Data entries:
Segment Open

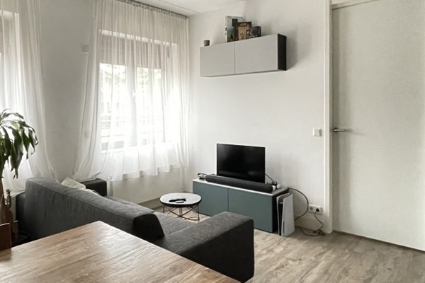Indeling: Bij binnenkomst bevind je je in de hal. Deze geeft toegang tot het toilet en een berghok. Vanuit de hal kom je in de woonkamer met open keuken. De keuken is voorzien van een vaatwasser, koelkast met vriesvak, combi magnetron en voldoende opbergmogelijkheden. Vanuit de woonkamer zijn de twee (slaap)kamers en de afgewerkte badkamer te bereiken. De badkamer beschikt over een wastafel met spiegel, douchecabine en een aansluiting voor de wasmachine. Verder is er een ruimte die gebruikt kan worden als werkplek. Dit is geen separate kamer, maar deze ruimte wordt deels afgeschermd van de woonkamer door een muur. De woning beschikt over een externe berging die zich bevindt in de beneden gelegen parkeergarage.
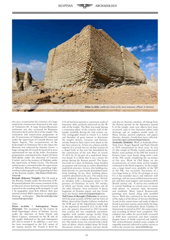 3.10 m) has been opened in a pavement made of limestone slabs, perfectly preserved on the W side of the temple. The floor was made during a restoration phase of the exterior wall of the temple, probably during the 2nd century ad. The stratigraphy found in trench 8 is sealed and therefore of great interest to determine the temple’s history. Ceramics and Demotic ostraka found in these layers were dated to the late first century bc. A base of a column and the imprint of a second one are all that remains of a chapel built in this area but demolished for the construction of the new floor. In trench 10 (10.5 by 10 m) part of a mud-brick house was found. It is likely that it was a house for priests during the Roman period. The house was built on a layer of domestic waste levelled on purpose and covering an earlier demolished mud-brick structure. In turn, this building was built directly on a previously demolished mudbrick building. So far, three building phases could be identified in the area. The temenos was still inhabited during the Byzantine Period: an ostrakon with a staurogram attests to the presence of Christians. In total, 181 ostraka, of which one Greek, some figurative and all the other Demotic, were recovered. A dozen fragments of Demotic papyri and one Greek were also found. www-museopapirologico.eu Tell Umm el-Baragât (Tebtunis): In autumn 2014 the joint mission of IFAO and the Univ of Milan, directed by Claudio Gallazzi, worked in the N-W part of the Soknebtunis temple and in the depository mound E of it. In the N-W area, the granary discovered in 2013 (secondfirst century bc) was completely unearthed, together with another storage facility lying underneath (third-second century bc) and a courtyard used as a bakery (third-first century bc). The whole sector was covered with a thick layer of debris, which yielded about 50 Greek documents written on papyri and pot sherds 35
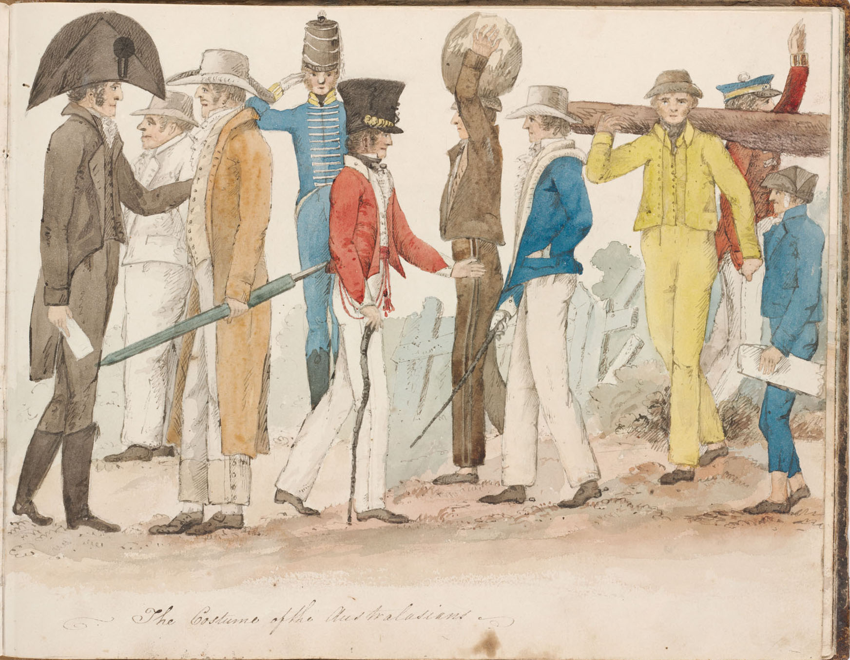 This drawing is a primary source for the history of clothing in Australia. Distinctive in its social inclusiveness, and its tone of amiable satire, it includes rare images of convicts and provides a splendid record of how class and status in a penal colony were instantly recognisable by dress.
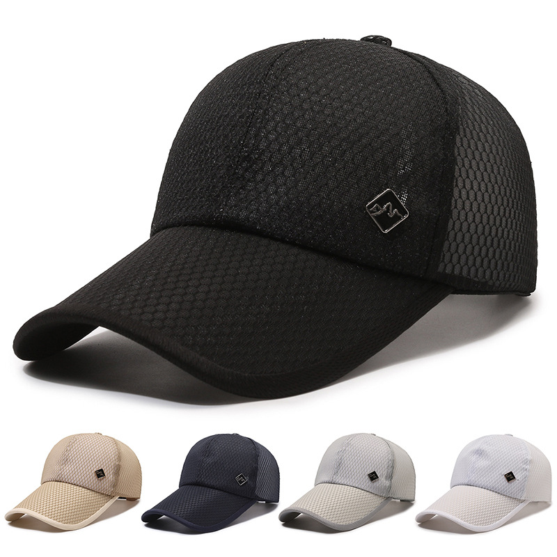 New Hat Men's Spring/Summer Lengthened Brim Sun Hat Mesh Breathable Baseball Cap Outdoor Fishing Cap Peaked Cap
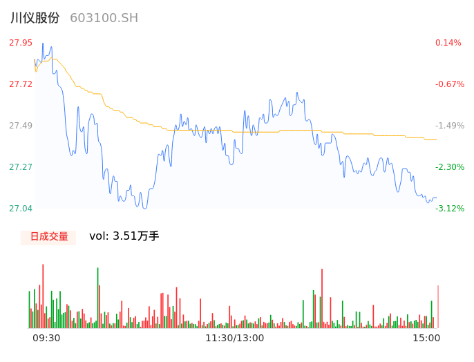 04月16日,川仪股份收报27.48,股价涨幅-1.54%,成交金额9610.49万元,换手率0.90%。
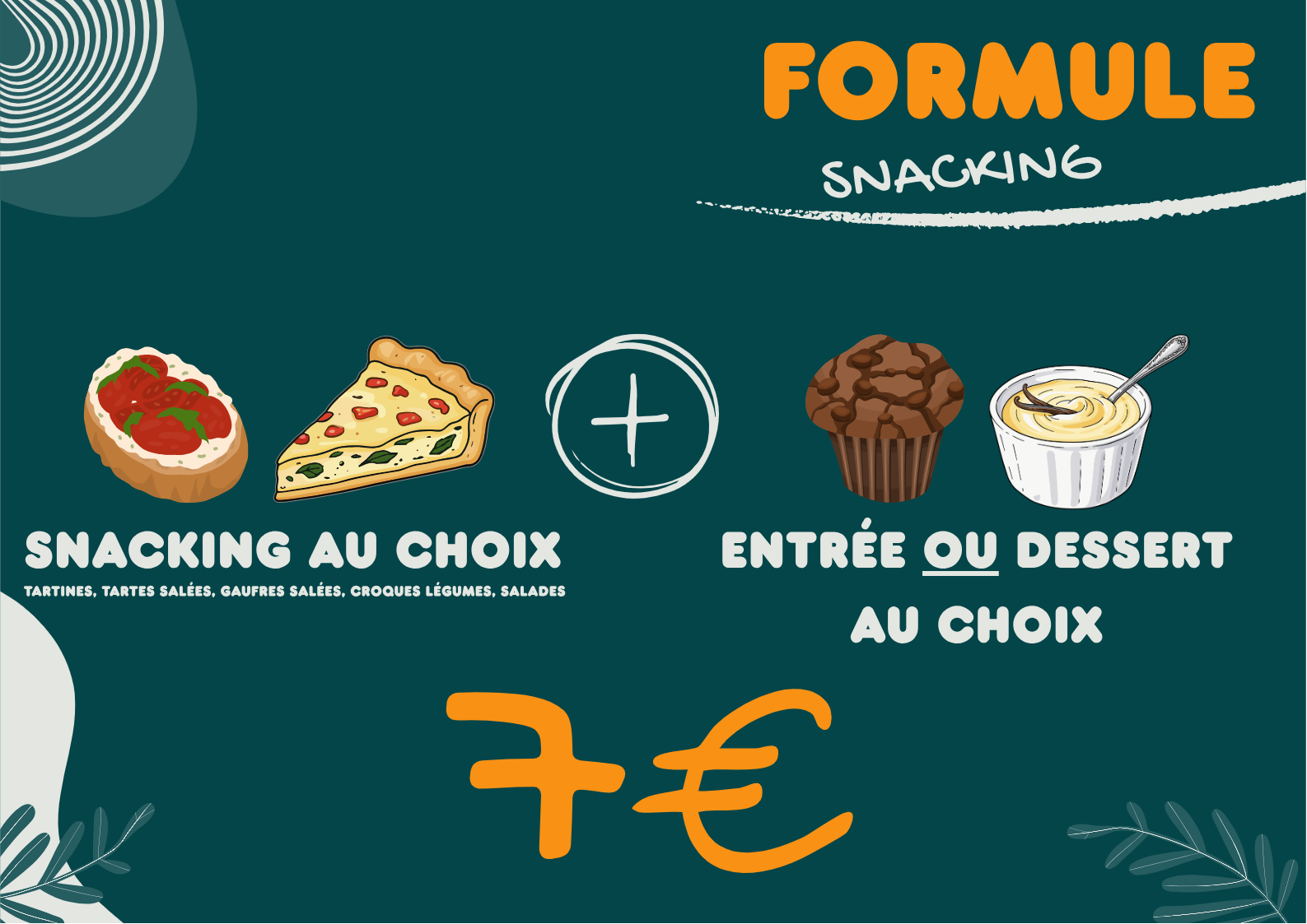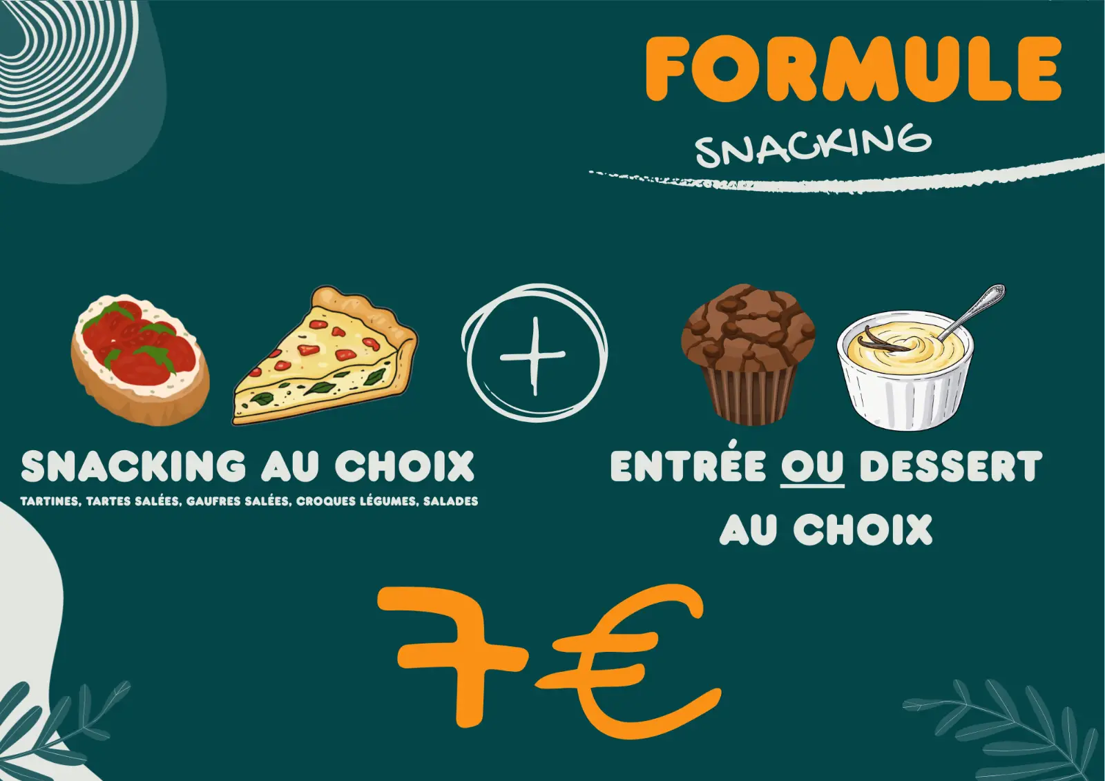 • Une formule Snacking avec entrée ou dessert à 7€
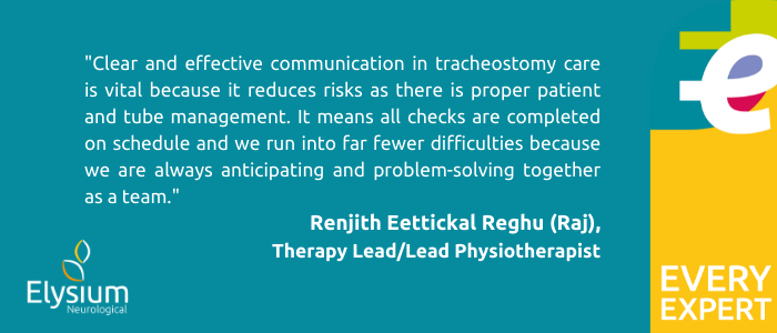 Clear and effective communication in tracheostomy care is vital because it reduces risks as there is proper patient and tube management. It means all checks are completed on schedule and we run into far fewer difficulties because we are always anticipating and problem-solving together as a team.”
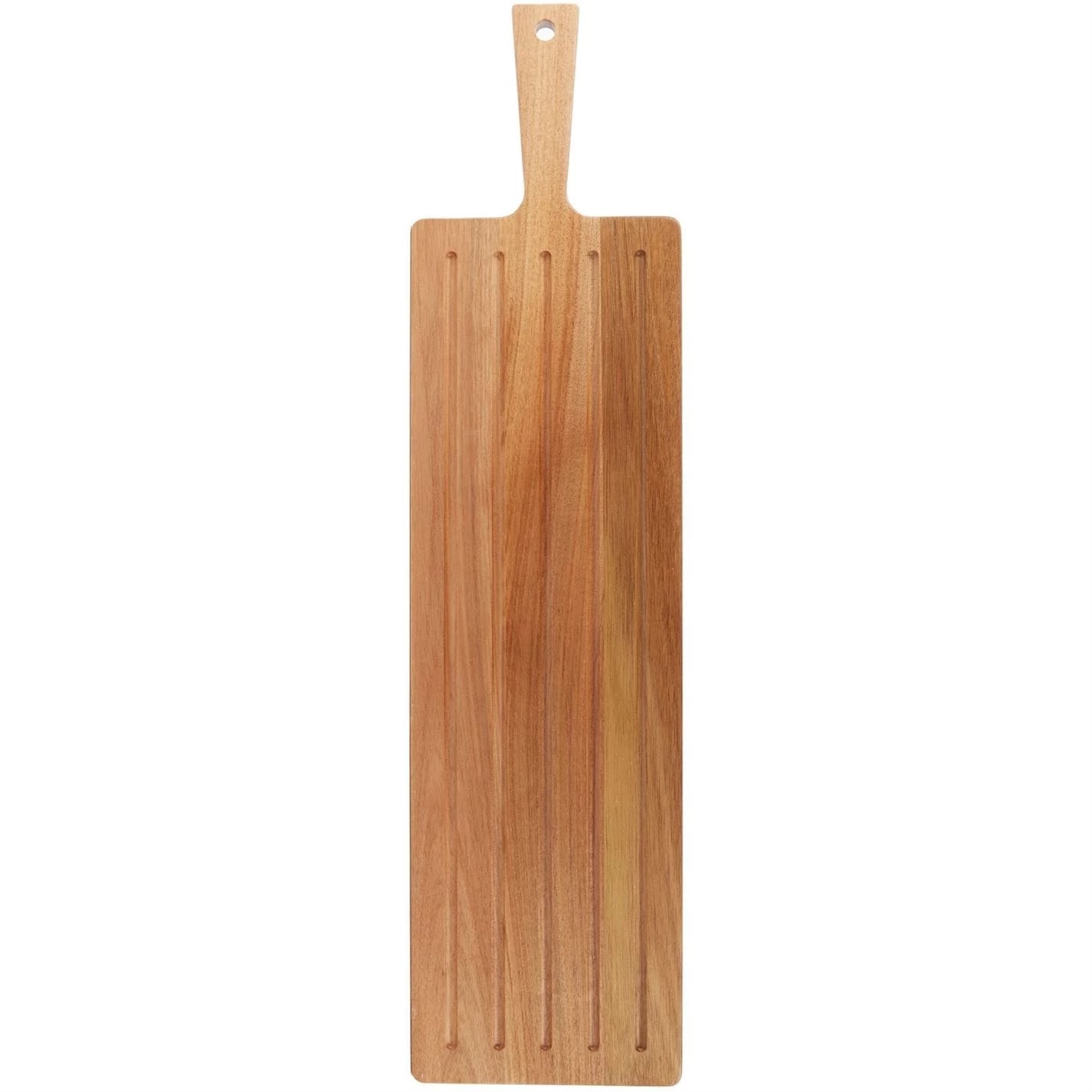 Serve up snacks, light lunches or antipasti on this long platter board by Linea. Created from acacia resilient wood for a durable yet stylish piece, it is adorned with a long handle for an ergonomic design. Finished with a hanging loop on the handle, it will add an elegant touch to your kitchen.
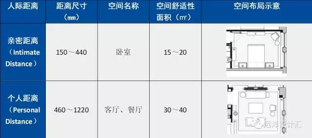 人类学教授霍尔博士将交往中的距离领域划分为四种类型:亲密距离、私人距离、社交距离和公共距离。由于居室空间尺度较小,一般只涉及前两种人际距离,即亲密距离和个人距离。
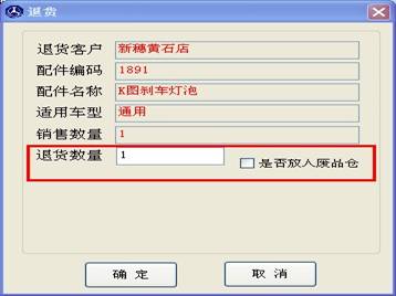 點(diǎn)擊“退貨”按鈕后會(huì)彈出如下圖的窗口,在退貨數(shù)量里輸入退貨數(shù)。
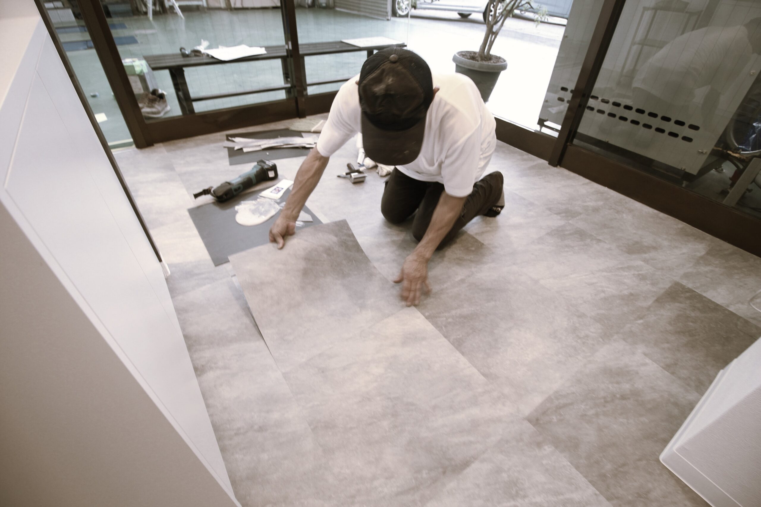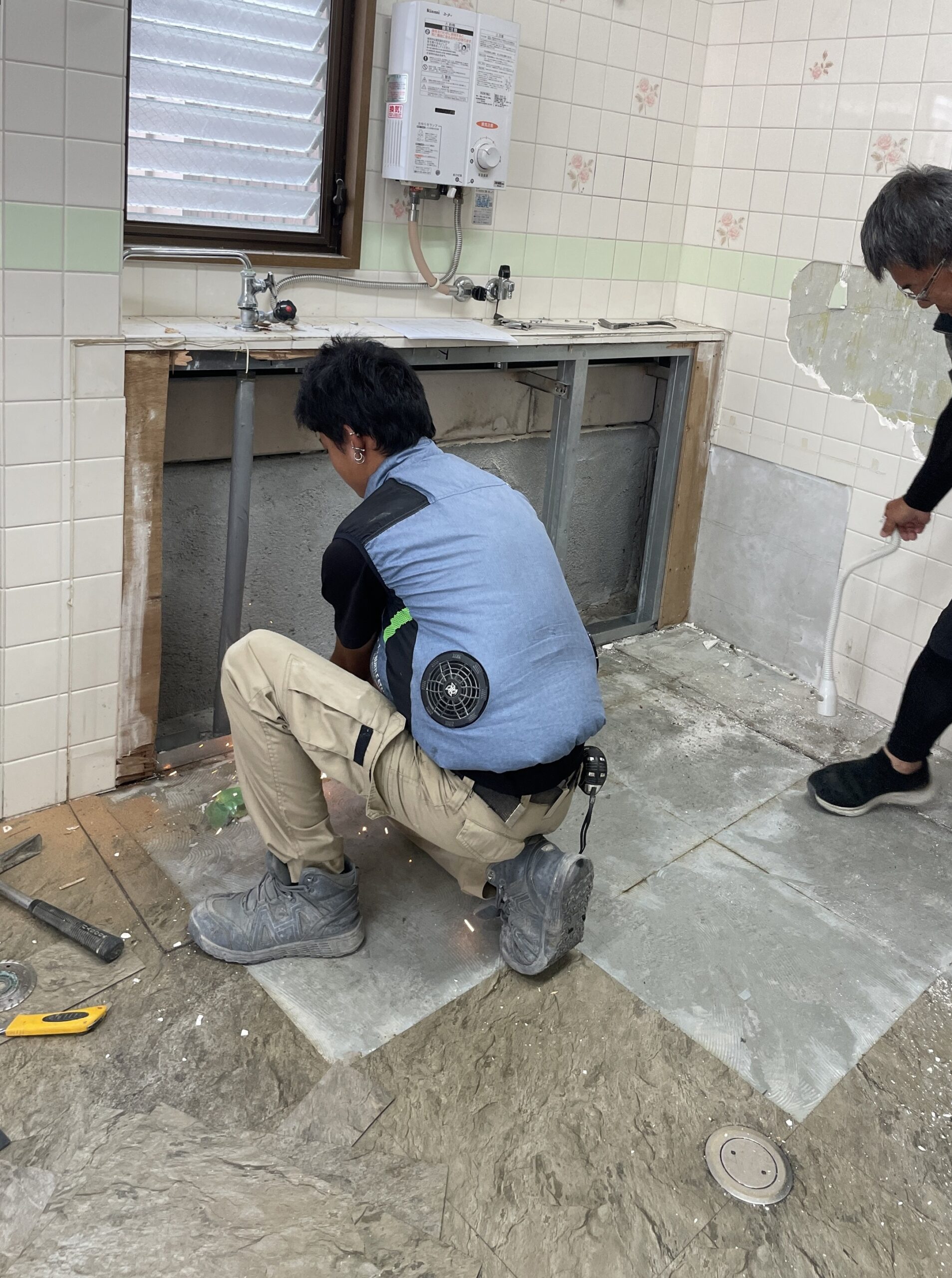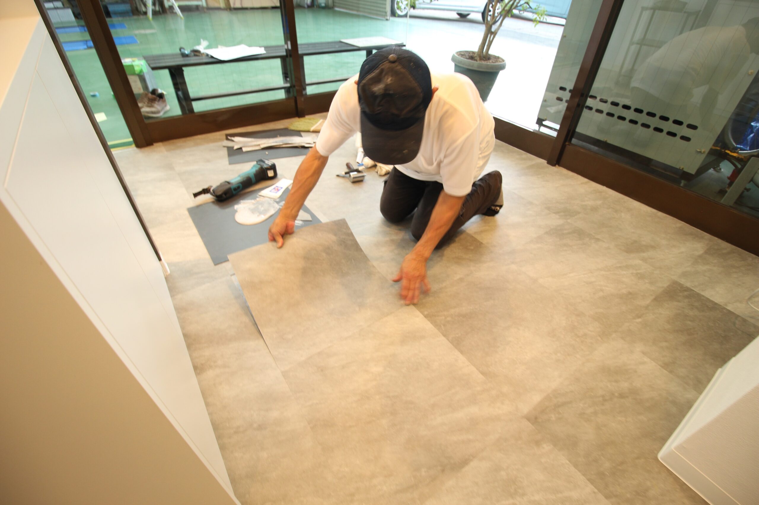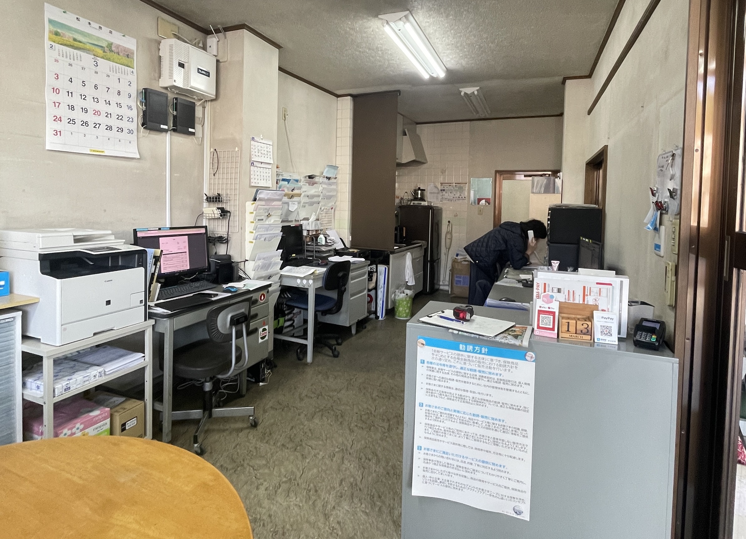 事務所内の内装改装工事をさせていただきました。元は入口からお客様が入ってくると事務所内が丸見えになってしまっていたので、ある程度高さのある収納棚をもうけて来客スペースと事務所スペースを区切り丸見えにならないよう配慮しました。

Segment Closed

Problem:
Repeat exactly the lines above, beginning at the one containing "New Hat Men's" and ending at the one containing "Clear and effective". Do not carry over any pictures.

Solution to this task:
 New Hat Men's Spring/Summer Lengthened Brim Sun Hat Mesh Breathable Baseball Cap Outdoor Fishing Cap Peaked Cap
 04月16日,川仪股份收报27.48,股价涨幅-1.54%,成交金额9610.49万元,换手率0.90%。
 • Une formule Snacking avec entrée ou dessert à 7€
 Clear and effective communication in tracheostomy care is vital because it reduces risks as there is proper patient and tube management. It means all checks are completed on schedule and we run into far fewer difficulties because we are always anticipating and problem-solving together as a team.”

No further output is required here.